Sultana Projects will host prolific author and historian Mark Kurlansky during Downrigging Weekend, October 26, at 8 pm in the Garfield Center for the Arts in Chestertown.
For readers familiar with Mark Kurlansky’s zen-titled books Salt and Cod you would guess right that a history of the “fresh-frozen pea”—the diminutive star of his new book, Birdseye—would take the reader on an investigative excursion into the hinterland of discovery, invention and innovation along with quirky anecdotal asides and enough factoids to spur a reissue of Trivial Pursuit.
Kurlansky finds in the inventor Clarence Birdseye a fascinating historical hinge on which to swing an engaging biography about the inventor who catapulted local food industries into a global marketplace by perfecting the flash-freezing process.
A four-time NY Times bestselling author, Kurlansky uses a wide-angle lens on the mundane micro-elements of our lives to unveil connectivity to his greater themes; our relationship to the environment and more profoundly, as in his book Cod, the question of whether the ocean and therefore the human species will survive the inexorable exploitation of our natural resources.
“There is a big difference between living in a society that hunts whales and living in one that views them. Nature is being reduced to precious demonstrations for entertainment and education, something far less natural than hunting. Are we headed for a world where nothing is left of nature but parks?”
In the Chesapeake Bay region, one of the largest ecosystems in North America and sensitive to the struggle for environmental balance, protection, and the preservation of commercial and sport fishing, Kurlansky’s themes should prove to be insightful warnings about the consequences of ecological collapse.
“The problem of the Chesapeake Bay illustrates that there is no quick fix, not a single solution because it is not a single problem. We are talking about entire ecosystems with vast interconnecting issues. There are problems of fishing but also pollution which means a need to change farm practices and land planning. In short the solution lies in a deep commitment to changing the ways we do things,” he says.

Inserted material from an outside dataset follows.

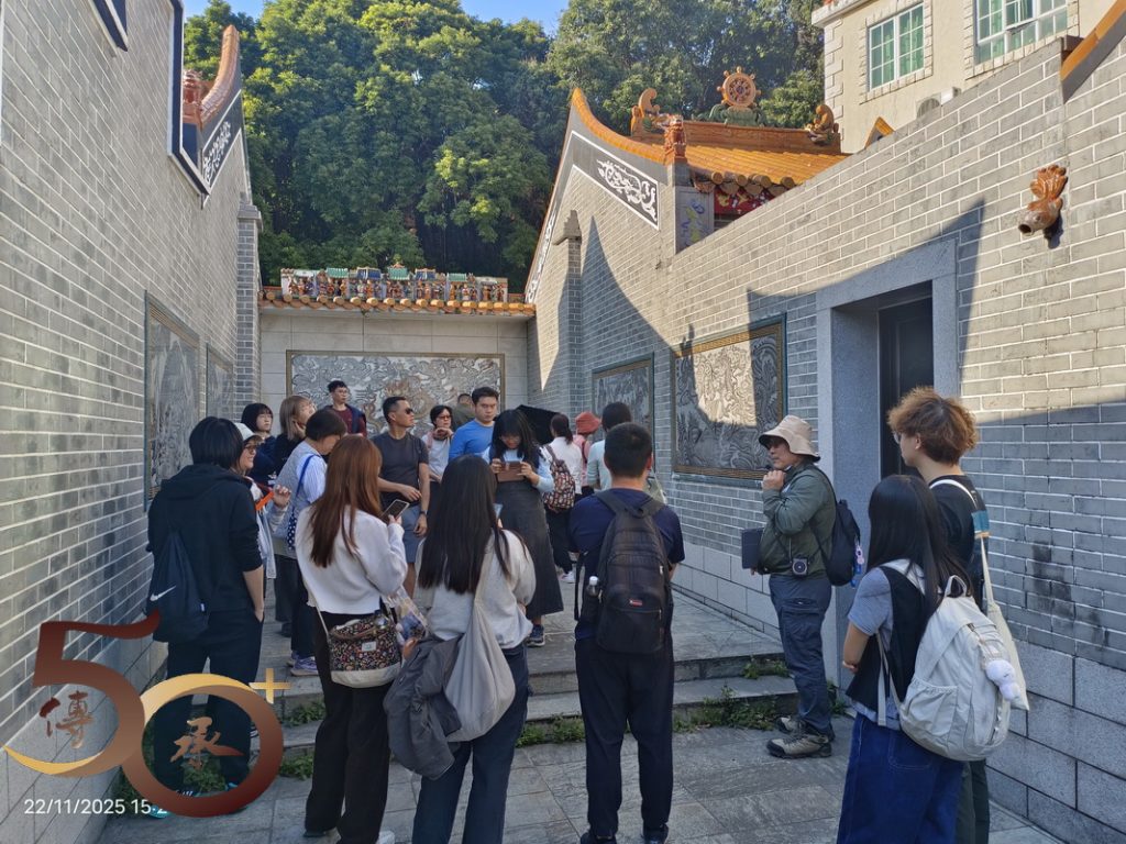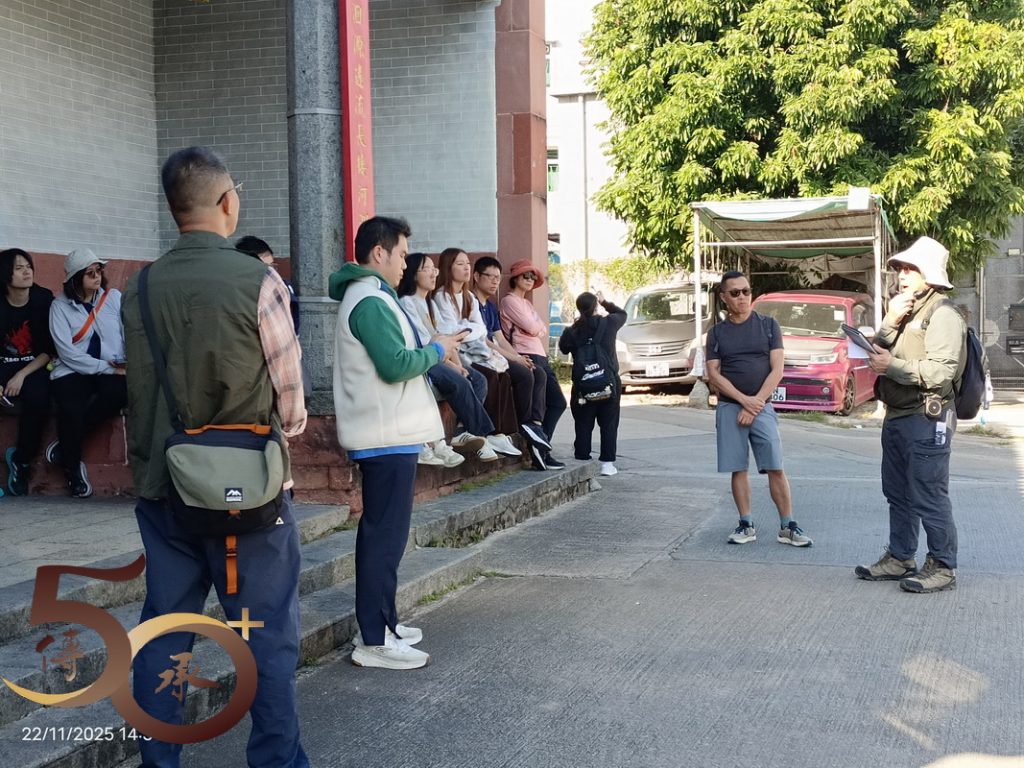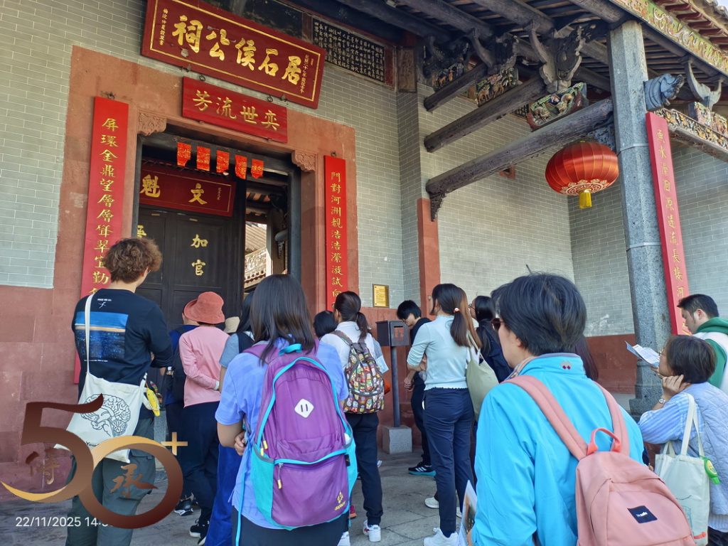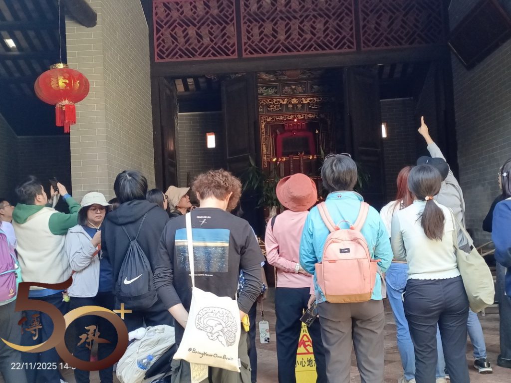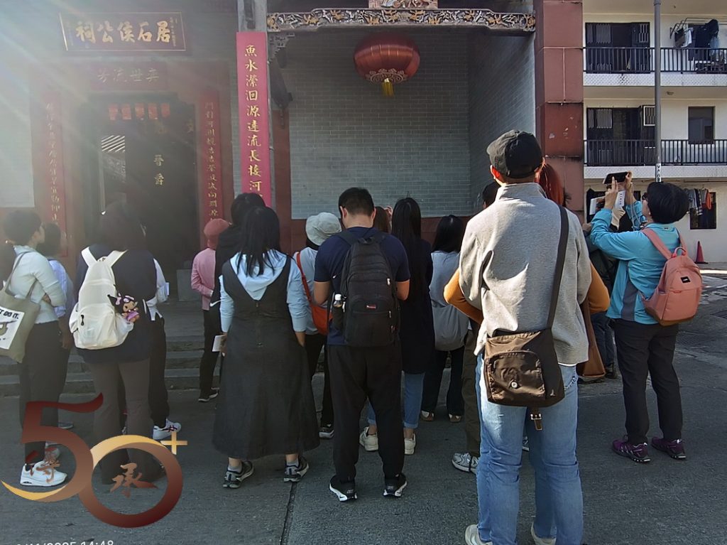 待至下午1410時,較原定集合時間逾10分鐘後,木蒔導賞最後一名工作人員離開,剛好趕上準備開出的小巴,經過10多分鐘車程,抵達河上鄉「地標」,屬法定古蹟居石侯公祠,導賞活動亦隨即展開。

In The Big Oyster: History on the Half Shell (2006), another of Kurlanksy’s 25+ books, the author enlists the small marine bivalve as another vehicle to drive through the wending backstreets of history, in this case the oyster business in New York City. The lower estuary of the Hudson River, once thriving with oysters, was depleted by 1927. Fatefully, the oyster dredge boats that hastened the decline of the New York oyster moved to the Chesapeake Bay to continue their ravenous harvesting enough to precipitate ongoing and often fractious debate and legislation.
How Can the Oceans Survive All This? will be the author’s wide ranging topic when he lectures at the Garfield Center for the Arts at 8 pm, October 26 during Sultana Projects Downrigging Weekend in Chestertown.